Were you using the echo machines just on the guitar or all kinds of instruments?

Basically, all of them. My pedalboard wasn't a massive pedalboard. I had a Memory Man in it, a Whammy's always in there, Kingsley Page Overdrive, a fantastic Catalinbread Belle Epoch delay. All these things. Everything from my Roland Juno-60… everything kind of went through this stuff if we needed it. Vocals went through my pedalboard as well, sometimes. It was all kind of whatever's needed.

It was good. Because it's not like in a Radiohead session, where there's so much gear. There wasn't time. In Radiohead, if I'm not tracking or whatever, I like to immerse myself and go and find new sounds. I didn't have time to do that. I was singing, I was trying to arrange all this stuff. So I had what was in front of me that I knew really well, and whatever it was—bang, we worked very quickly.

Just because Earth has such a complex and layered sound, and that you were responsible for so much of it, did you learn lessons about arrangement and orchestration through the process of making the record?

Yeah, hugely, massively. I mean, the whole time. And I'm a novice—really, I'm excited for the next one. I think every record that you make, you have to be learning, and you're only learning when you're out of your comfort zone, and I was out of my comfort zone the whole time. That's what we're here on the planet to do—constant learning, new experiences, right?

EOB - "Olympik"

To reference your interview with Ezra Koenig again, you were talking about wanting to get to this area with the live show where it's going to be kind of Phish meets rave. Get away from the tight arrangements and see what the songs could become. When you can get back on the road, is that still a mindset you're trying to get at with these songs?

Yeah, for sure. I knew of Phish because one of my managers manages them, Coran Capshaw [of] Red Light Management. So I'm aware of Phish and I've seen the gig. They're a very American phenomenon—that whole jam band thing, that's not a phenomenon over here. We saw them at one of their Halloween shows in Vegas a few years back. I walked into this MGM Grand Arena, and I'd never experienced a vibe like it in an arena. Everybody's just up from the first moment.

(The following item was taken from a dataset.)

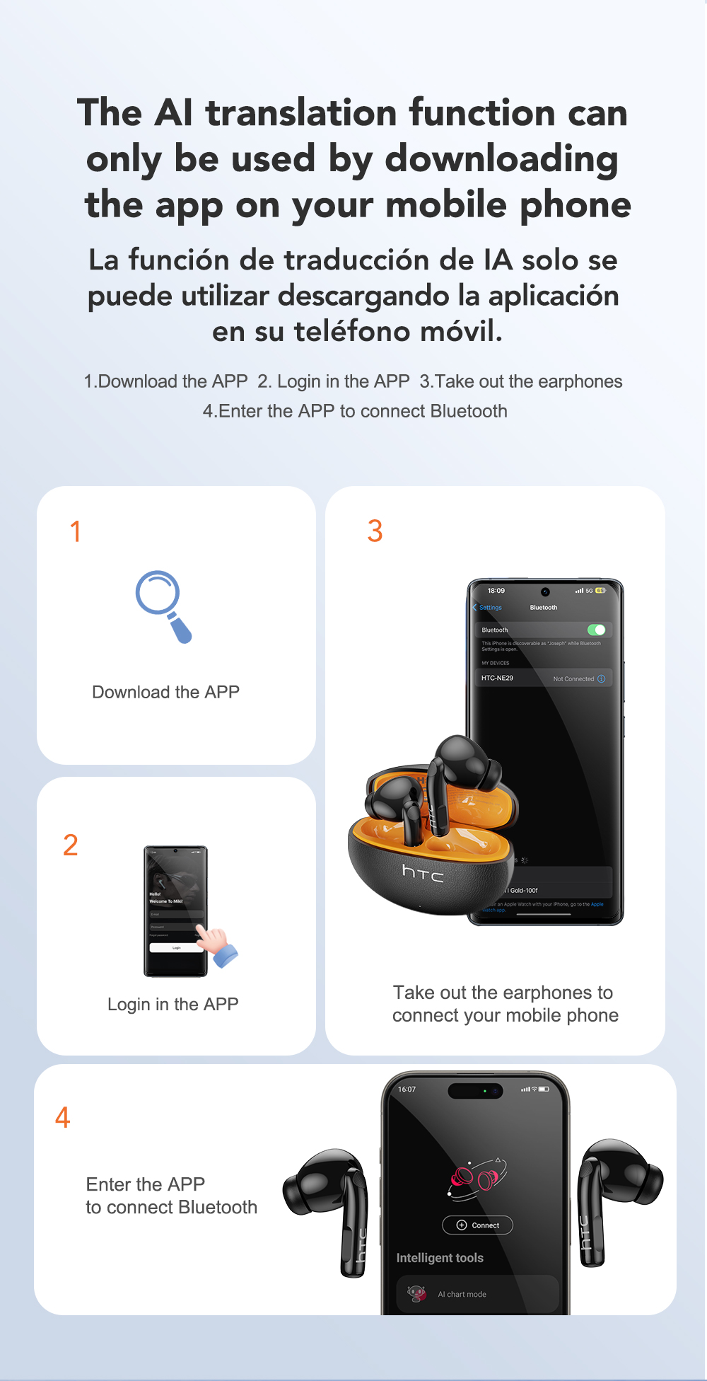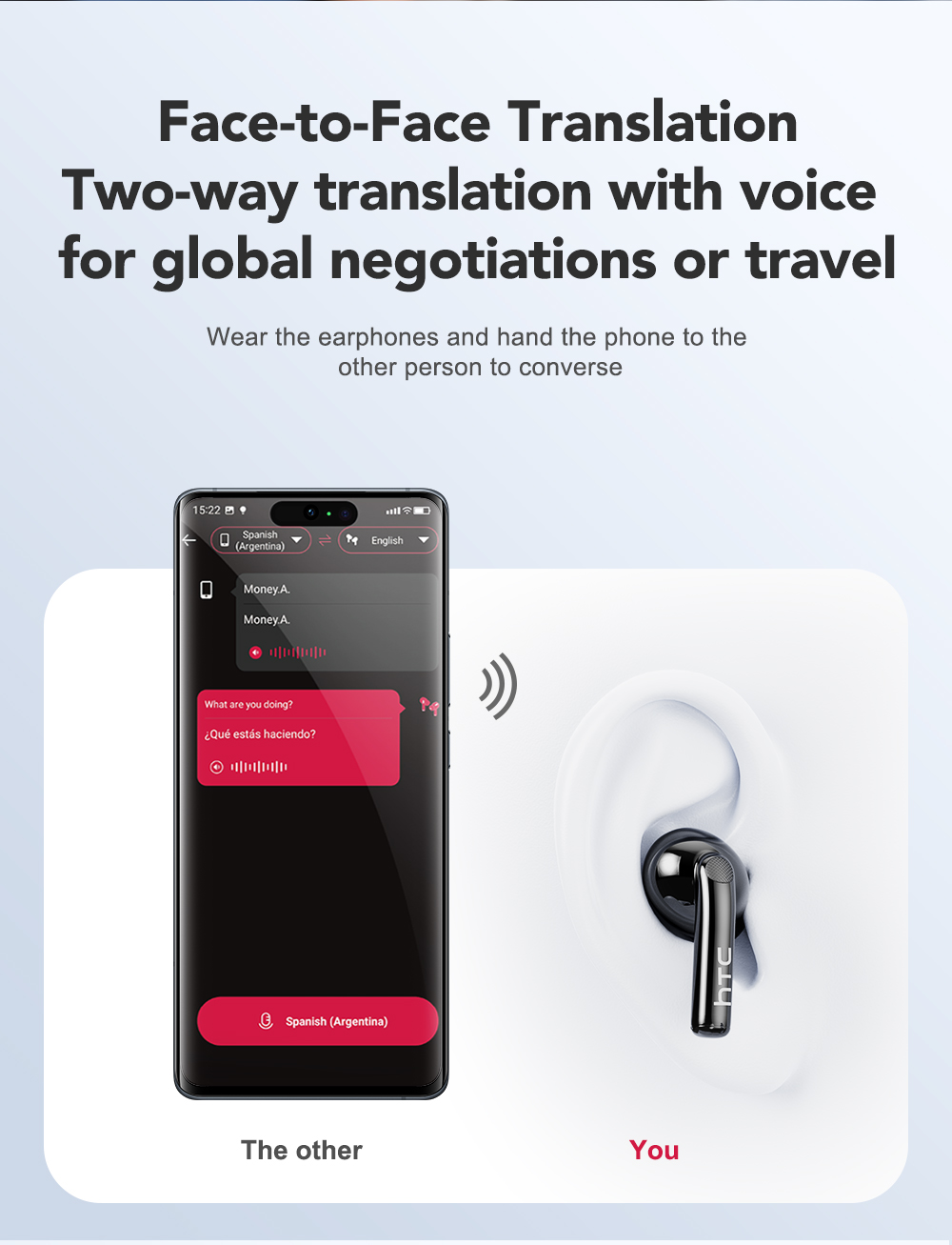 Bảo hành một năm HTC NE29 AI Dịch Tai nghe Bluetooth OWS Da thật Tai nghe Bluetooth Dịch theo thời gian thực 135 ngôn ngữ Khử tiếng ồn thông minh IPX5 Tai nghe không dây thể thao chống nước

And then I listened to this podcast, Long May They Run, about them. And it's like, they're just the bravest band on the planet. They're more like jazz musicians, where they change it up. They are willing to take it for that moment of transcendental beauty—they're willing to go through seven or eight minutes of hmm, not sure, and I think it's extraordinary that a band and its audience recognize that. It's one thing as a band doing that, but an audience following you?

That backs up what I've always said of American audiences. American audiences are so musical, and they allow you to go on these journeys, and that's the place that I want to go. Because I don't want to play the songs the same way every night. I'm excited about that place, where—music is a spiritual thing at its greatest, it's a spiritual thing and it's magic—and that's the place where I want to reside with the music. And in order to do that, you cannot be bored, you have to be out of your comfort zone, and you have to have the intention…

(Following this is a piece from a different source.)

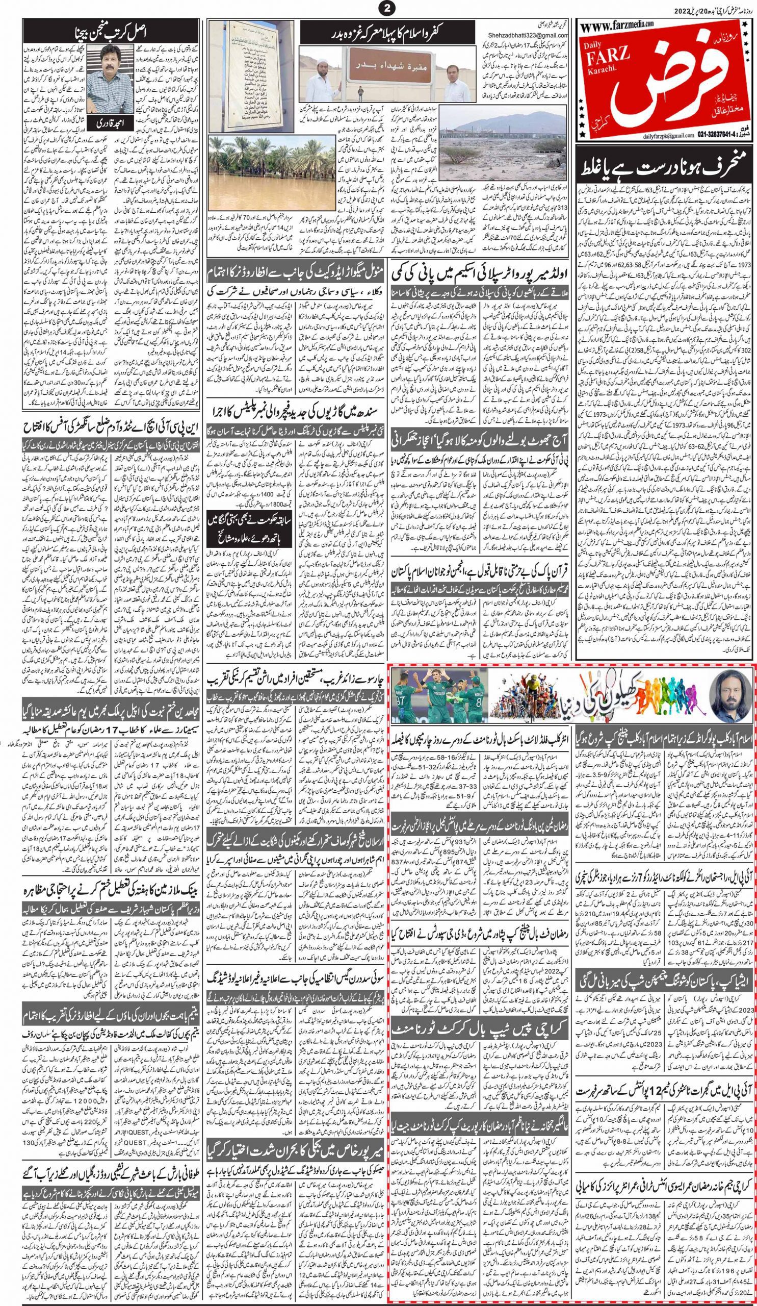 آج کا اخبار 20-04-2022

At a gig, at like a Radiohead show, people will come up and say, you know, the last five years and go, "Oh, you guys are amazing." And it's like, "No, you're amazing." As a performer, what you do is you strike the match. But then it's like this energy that you get into. It goes back-and-forth and it's a really amazing thing. What I want to do is to be able to almost respond musically to the energy in the room. And let's face it, that's what jazz musicians do every night. But I don't want to be in a situation where we play the same songs in the same way every night. I want these songs to evolve and flow. The recording is the starting point for them.